CISA stufte die aktuelle Lücke nicht als von Ransomware-Akteuren ausgenutzt ein, gab den US-Bundesbehörden aber bis zum 8. April Zeit, die Sicherheitsupdates oder Gegenmaßnahmen umzusetzen oder das Produkt nicht mehr einzusetzen.

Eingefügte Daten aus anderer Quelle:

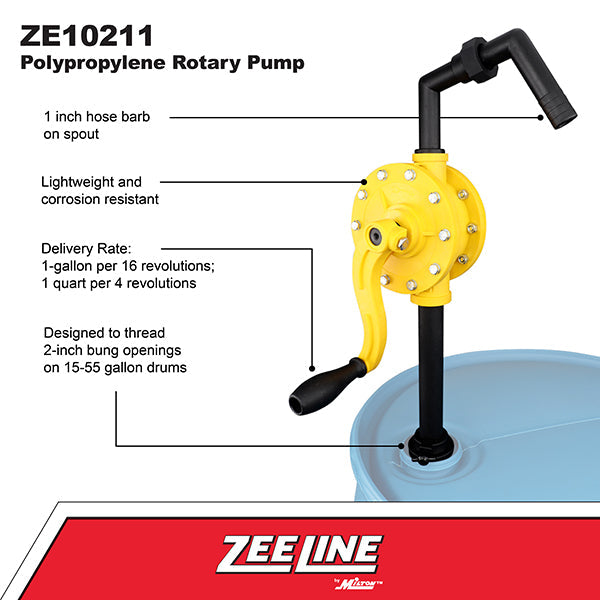This two-vane rotary hand pump was built with professionals in mind and is constructed from polypropylene and fluorinated hydrocarbons, making this pump ideal for DEF, petroleum products, water-based chemicals, and chlorinated solvents. This pump dispenses at a rate of 1 gallon per 16 revolutions or 1 quart per 4 revolutions and includes a 1-inch hose barb spout.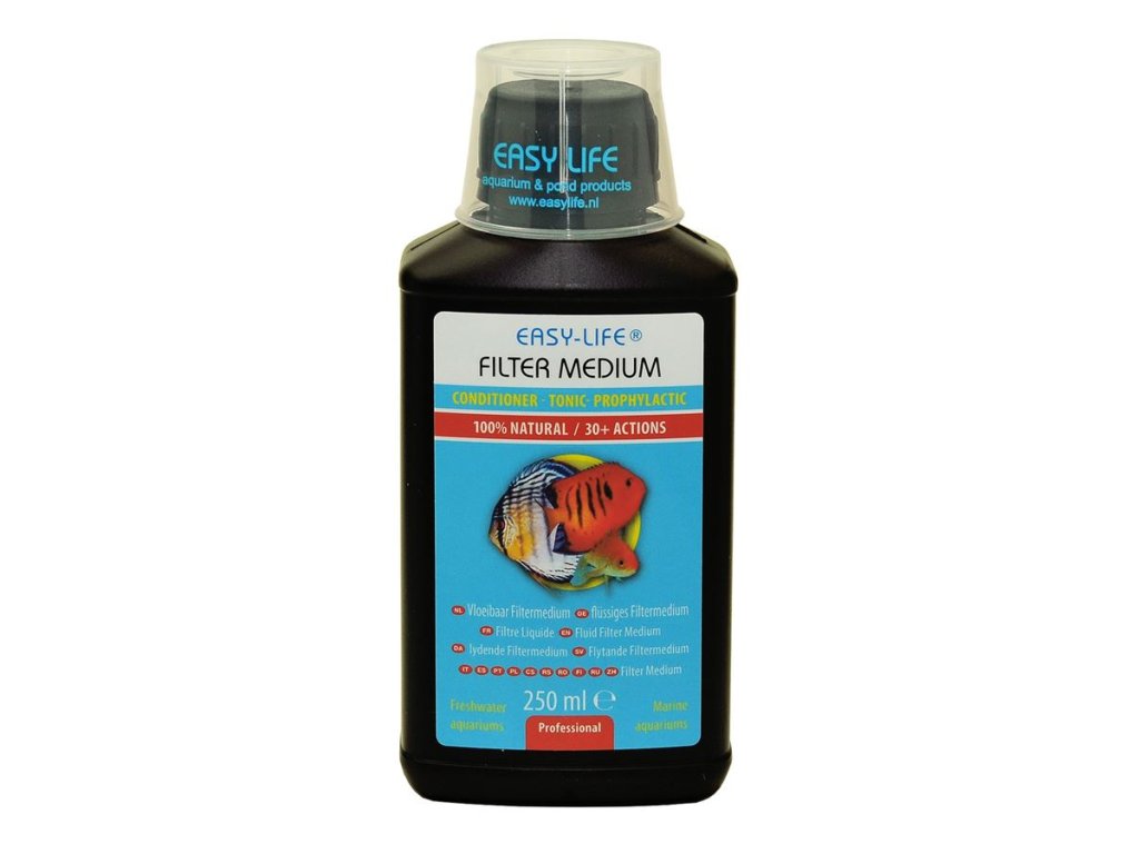 Easy-Life Filter Medium je jedinečný 100% přírodní přípravek, který čistí vodu, podporuje růst rostlin, zvyšuje vitalitu ryb a eliminuje stres i škodlivé látky. Funguje ve sladkovodních i mořských akváriích, rybníčcích a je ideální při údržbě, zakládání akvária, transportu ryb i léčbě. Bez chemie, bez rizika, s maximální účinností.

Administratoren wird empfohlen, auf Langflow 1.9.0 oder höher zu aktualisieren, womit das Problem behoben ist, oder den verwundbaren Endpunkt zu deaktivieren beziehungsweise einzuschränken.

Endor Labs rät zusätzlich, Langflow nicht direkt aus dem Internet erreichbar zu machen, den ausgehenden Datenverkehr zu überwachen sowie bei verdächtigen Aktivitäten API-Schlüssel, Datenbank-Zugangsdaten und Cloud-Geheimnisse auszutauschen.

Die Frist von CISA gilt formell für Organisationen, die unter die Binding Operational Directive (BOD) 22-01 fallen. Unternehmen der Privatwirtschaft, Bundesstaaten und Kommunen sowie weitere nicht erfasste Stellen werden jedoch ebenfalls angehalten, sie als Richtwert zu verstehen und entsprechend zu reagieren.